▶ [Task input]:

========================

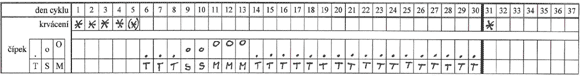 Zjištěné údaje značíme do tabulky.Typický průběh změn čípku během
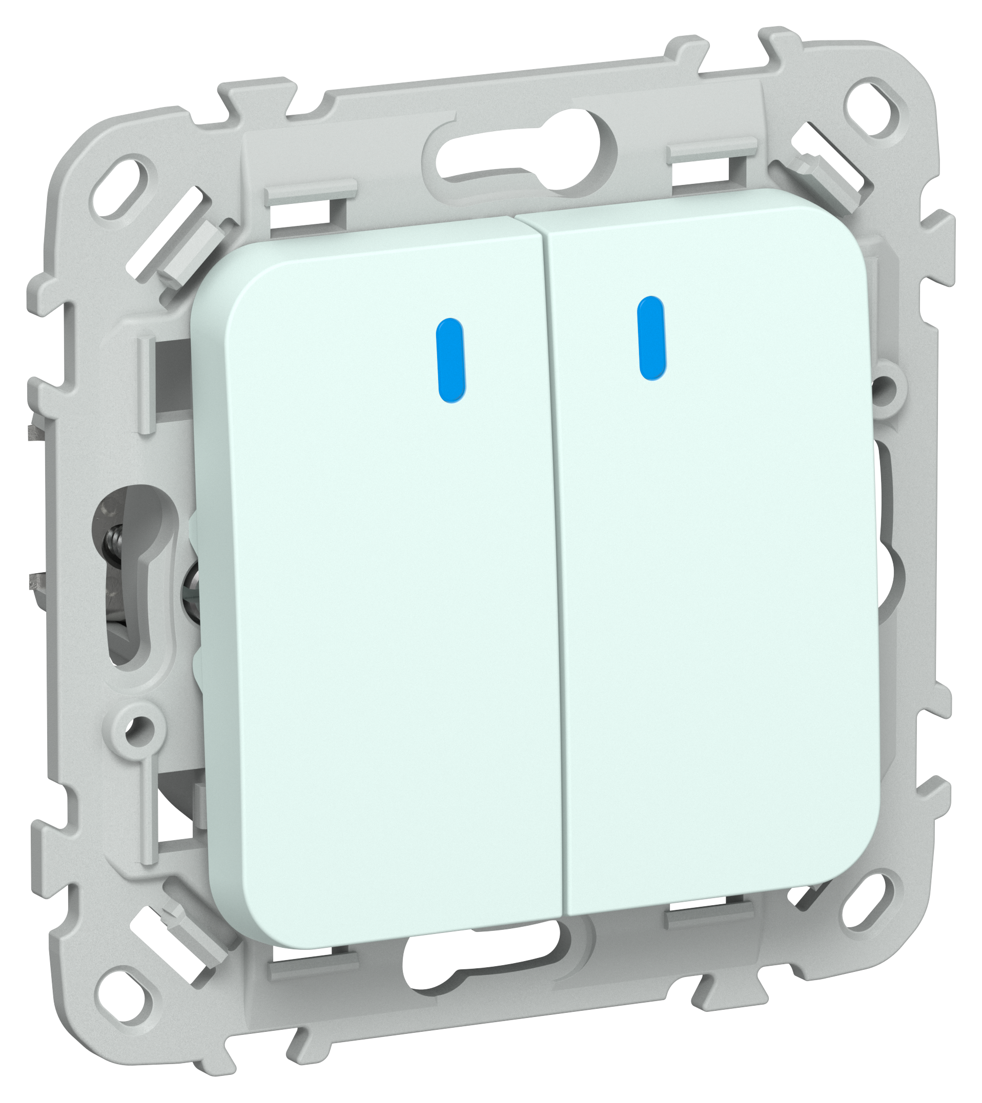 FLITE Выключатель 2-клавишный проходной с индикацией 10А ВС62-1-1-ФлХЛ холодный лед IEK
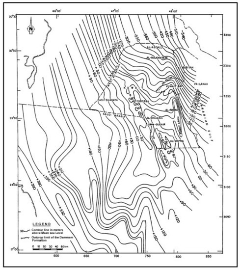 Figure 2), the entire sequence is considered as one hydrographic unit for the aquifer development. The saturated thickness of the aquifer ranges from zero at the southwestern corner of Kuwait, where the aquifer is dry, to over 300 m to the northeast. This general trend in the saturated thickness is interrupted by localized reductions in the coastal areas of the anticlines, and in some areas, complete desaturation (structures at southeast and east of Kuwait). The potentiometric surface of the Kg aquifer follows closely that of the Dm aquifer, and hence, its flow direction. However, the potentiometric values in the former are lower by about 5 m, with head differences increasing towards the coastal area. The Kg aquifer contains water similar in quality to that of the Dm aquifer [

========================

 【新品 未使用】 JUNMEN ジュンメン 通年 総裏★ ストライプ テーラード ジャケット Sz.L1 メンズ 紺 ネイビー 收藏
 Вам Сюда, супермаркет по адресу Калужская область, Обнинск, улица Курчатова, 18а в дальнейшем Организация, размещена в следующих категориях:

========================

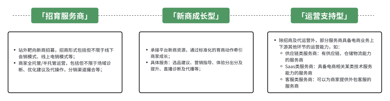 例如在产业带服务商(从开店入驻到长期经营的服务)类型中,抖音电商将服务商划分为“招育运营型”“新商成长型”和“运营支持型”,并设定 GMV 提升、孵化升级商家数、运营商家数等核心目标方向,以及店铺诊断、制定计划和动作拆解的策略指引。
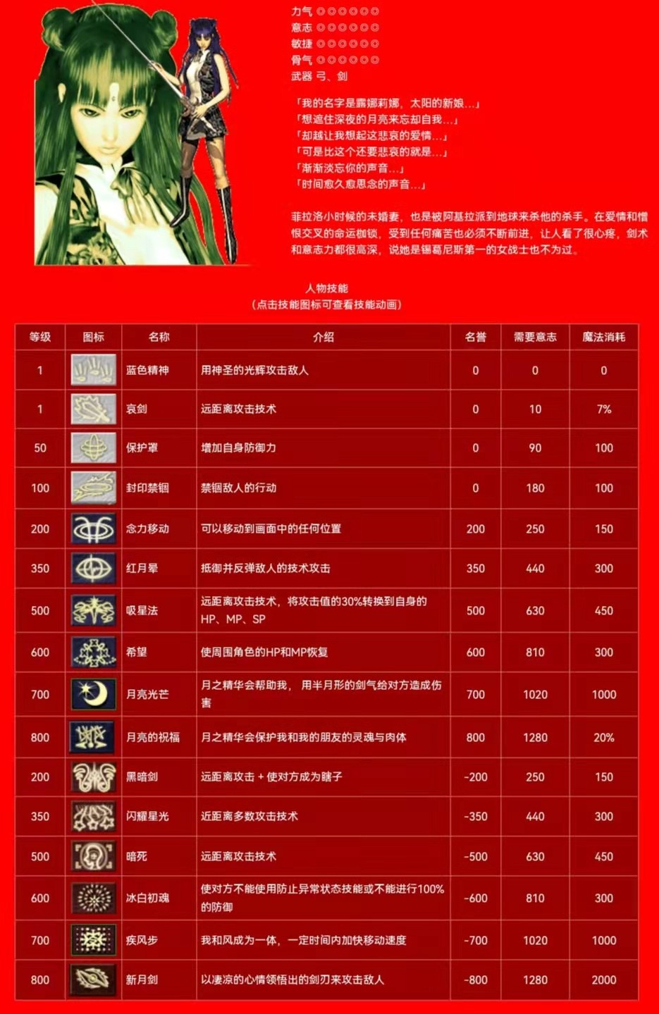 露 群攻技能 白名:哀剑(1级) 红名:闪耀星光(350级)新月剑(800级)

========================

▶ [Activity]:
Reproduce the lines above starting at the one with "FLITE Выключатель 2-клавишный" and ending at the one with "Figure 2), the", both included, exactly and with no pictures.

▶ [Result for this task]:
 FLITE Выключатель 2-клавишный проходной с индикацией 10А ВС62-1-1-ФлХЛ холодный лед IEK
 Figure 2), the entire sequence is considered as one hydrographic unit for the aquifer development. The saturated thickness of the aquifer ranges from zero at the southwestern corner of Kuwait, where the aquifer is dry, to over 300 m to the northeast. This general trend in the saturated thickness is interrupted by localized reductions in the coastal areas of the anticlines, and in some areas, complete desaturation (structures at southeast and east of Kuwait). The potentiometric surface of the Kg aquifer follows closely that of the Dm aquifer, and hence, its flow direction. However, the potentiometric values in the former are lower by about 5 m, with head differences increasing towards the coastal area. The Kg aquifer contains water similar in quality to that of the Dm aquifer [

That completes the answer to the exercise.